Please don’t rule out medication. Depression and anxiety are illnesses that often need medication, just like diabetes does. As others have said, medication can be life changing (and have been for many on the forum) I hope you get on well with your therapy
One day at a time ....😃
Hunni, why not try doing something different which isn't something you used to do. You seem very fixated on the past and what things were like before you became ill, that's never going to allow you to move forward at all....
Do a little of something that makes you happy every day!
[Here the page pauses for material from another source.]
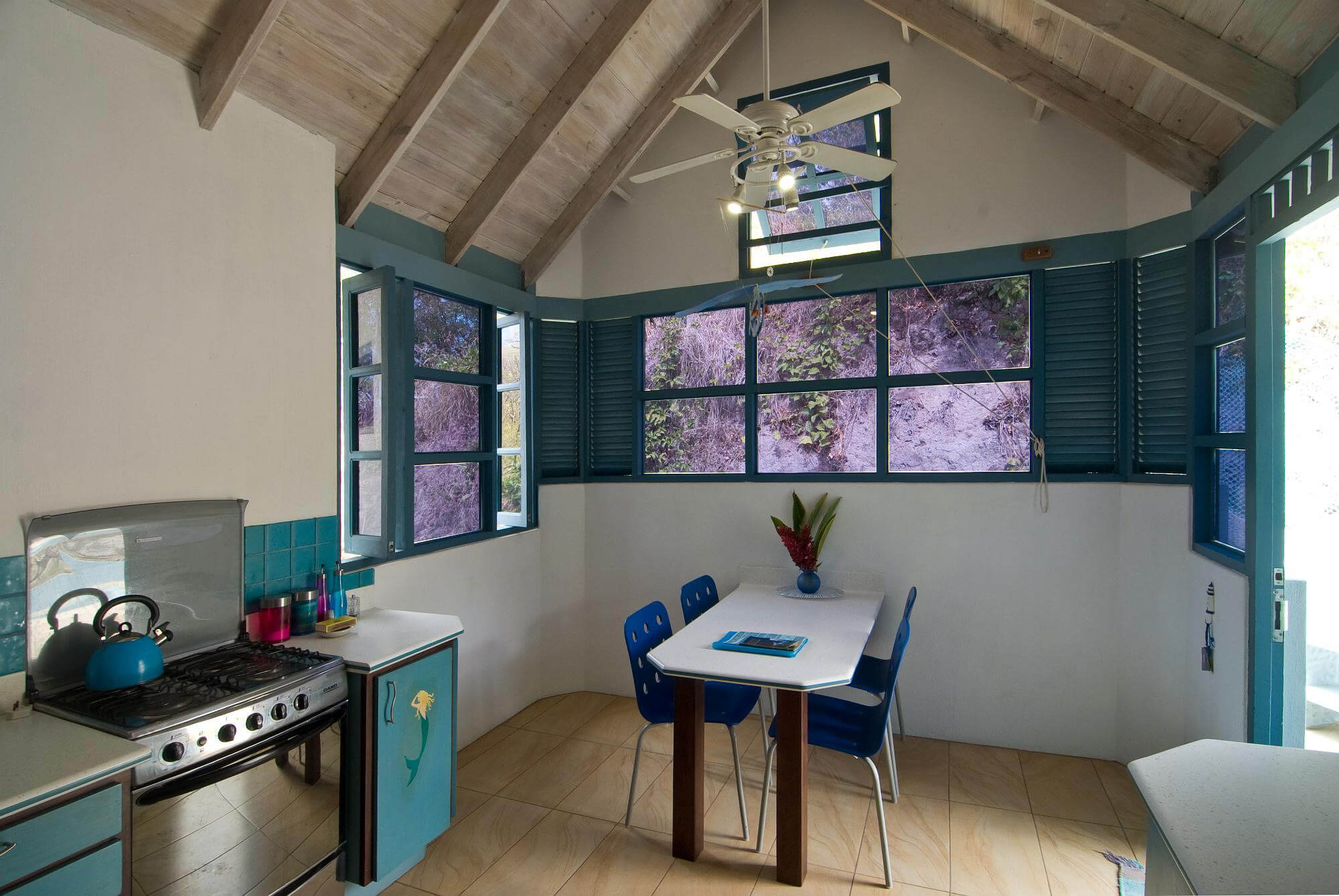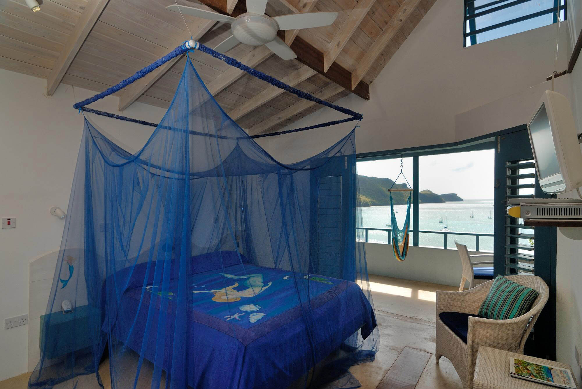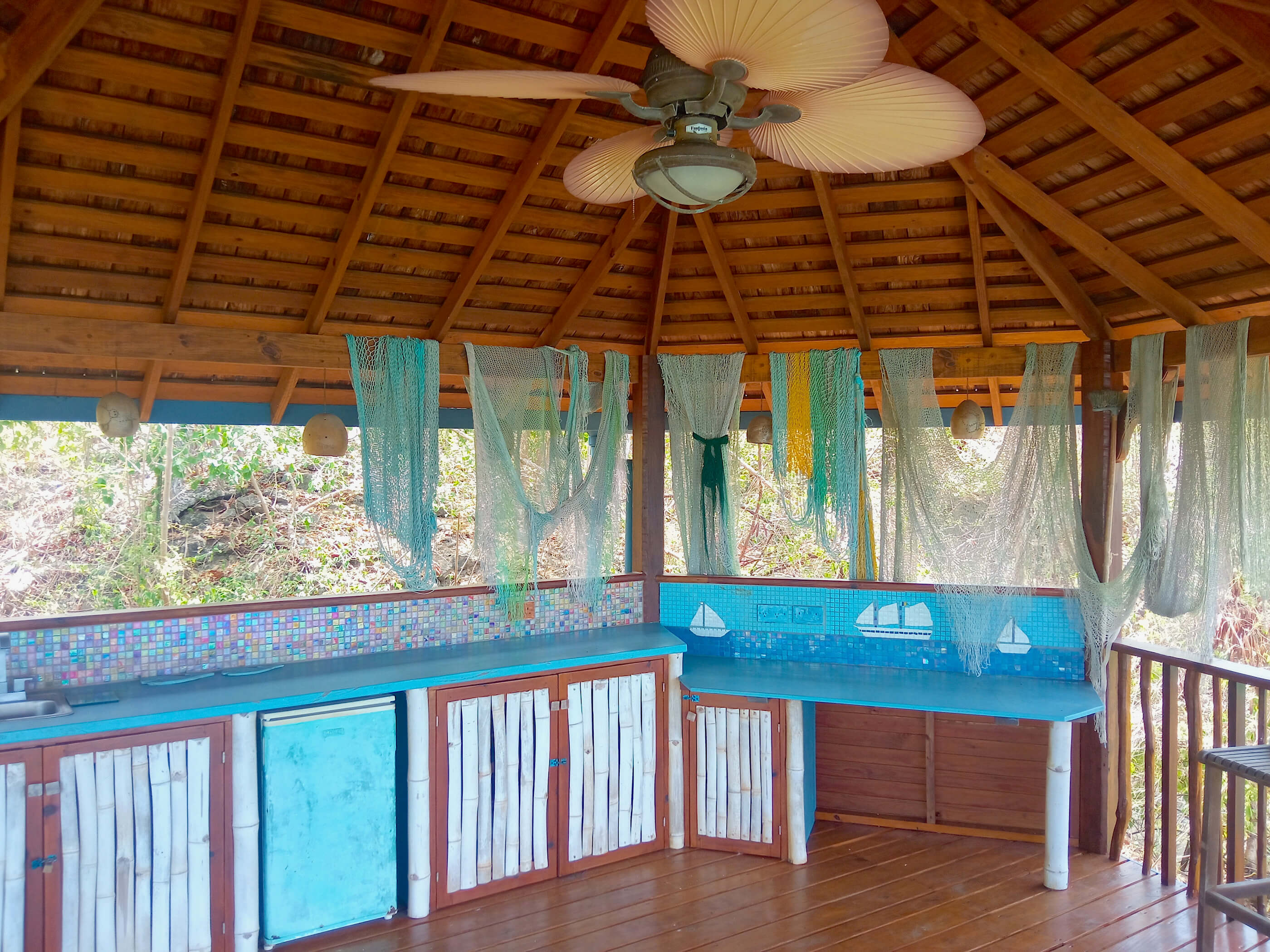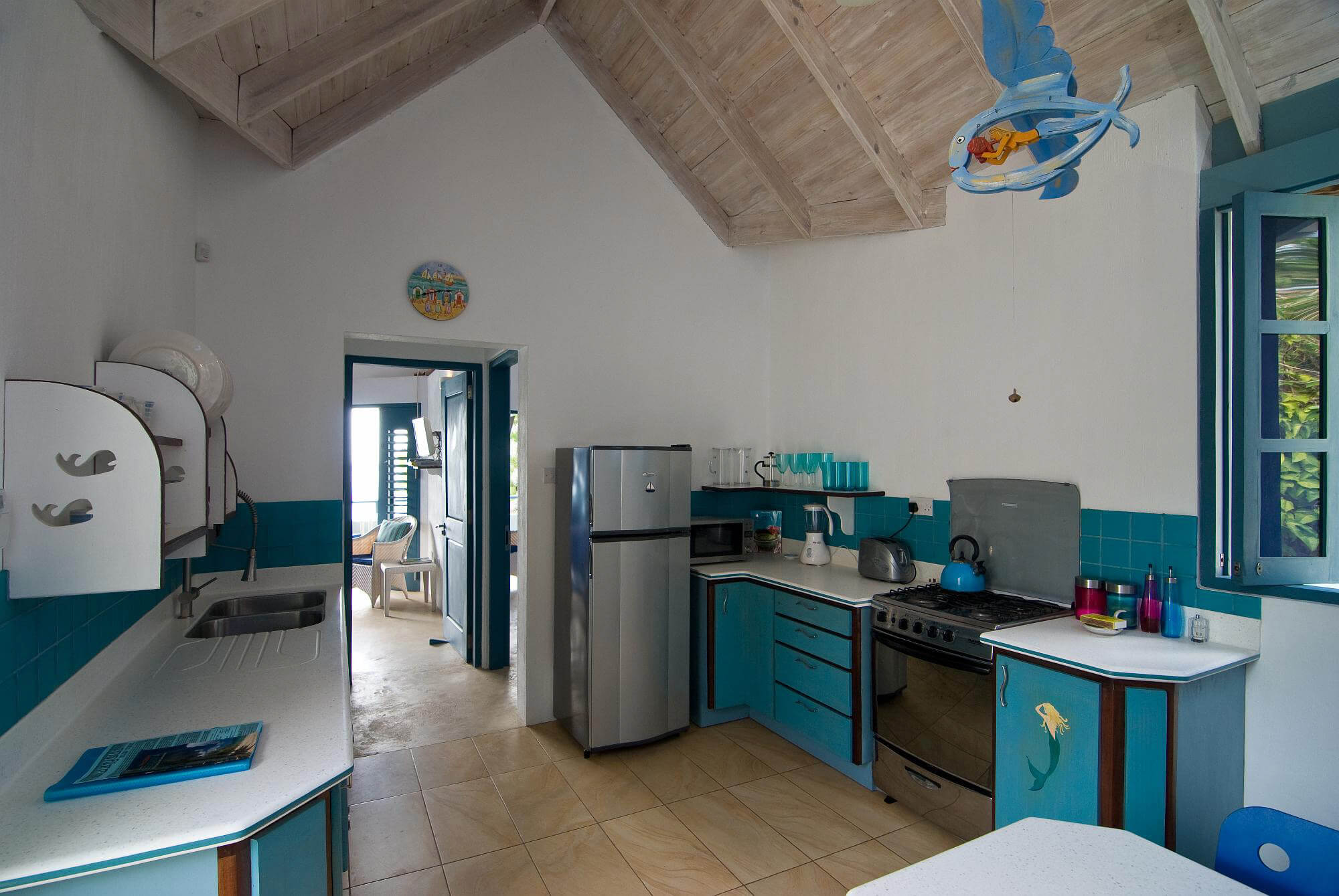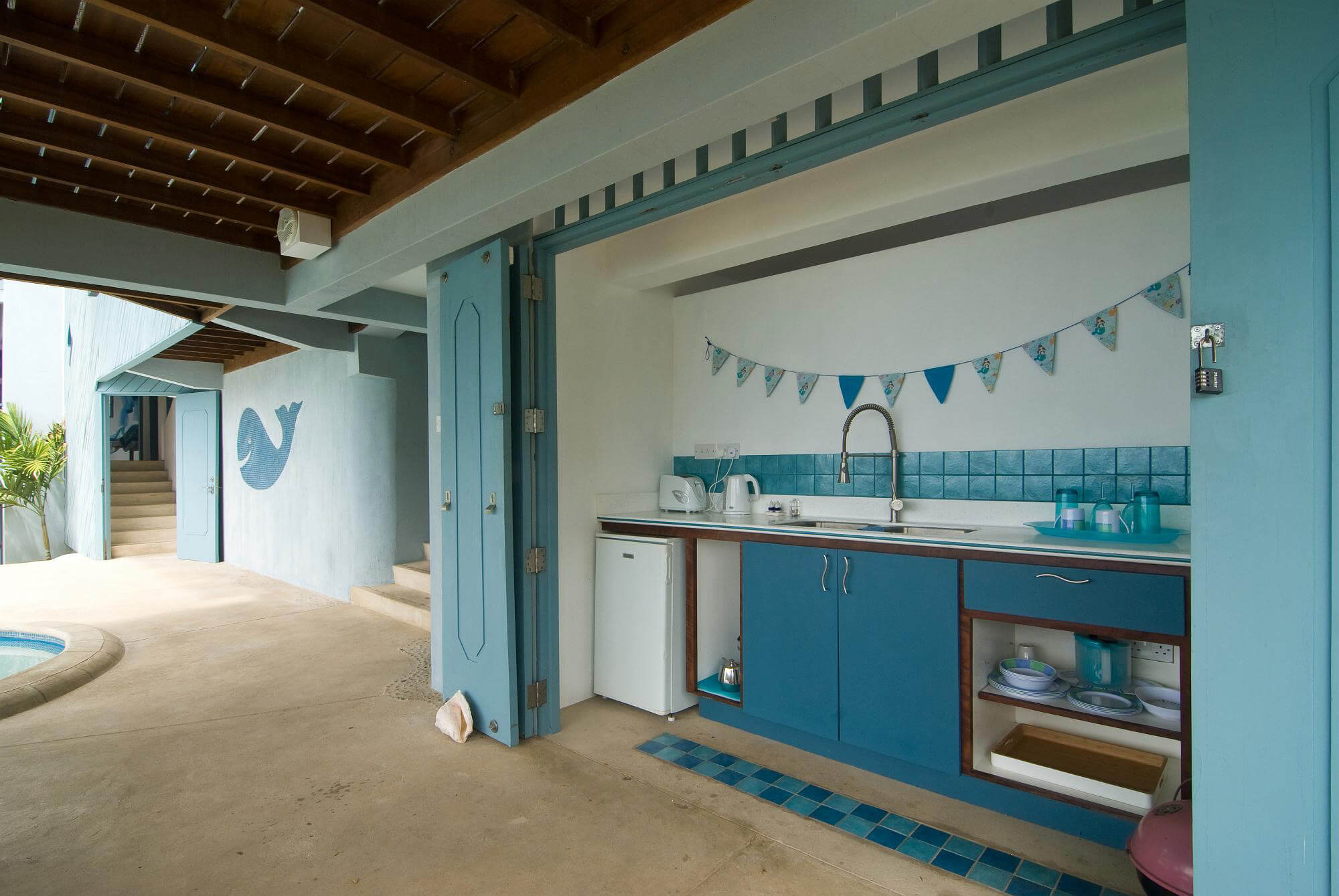 There is a casual living/entertainment/tv room that opens off the main balcony area. A Shade of Blues also has a large office space in the hallway, along with a guest w.c. This is an open air environment with a beautiful view of the sea. All living areas are cooled by ceiling fans.

I'm not ruling it out anymore I think. Maybe it really is for the better. I feel like it's getting out of control and that it's getting worse each day... I'll definitely speak to the therapist about it too and then will ask my doctor what he thinks. I just want to feel at least halfway okay again
I mean I COULD try and find something new. The thing is... I'm missing the nusic, the shows, the artists I used to enjoy before getting ill and that's just upsetting. I feel like no matter what, in the end things I like will end up making me upset again... so it makes no sense to search for something new
They won’t, love, it’s not the things you like that are upsetting you, it’s the illness. Once you start recovering from the illness, you’ll start recovering your joy for life
The purpose of life is not to be happy. It is to be useful, to be honorable, to be compassionate, to have it make some difference that you have lived and lived well.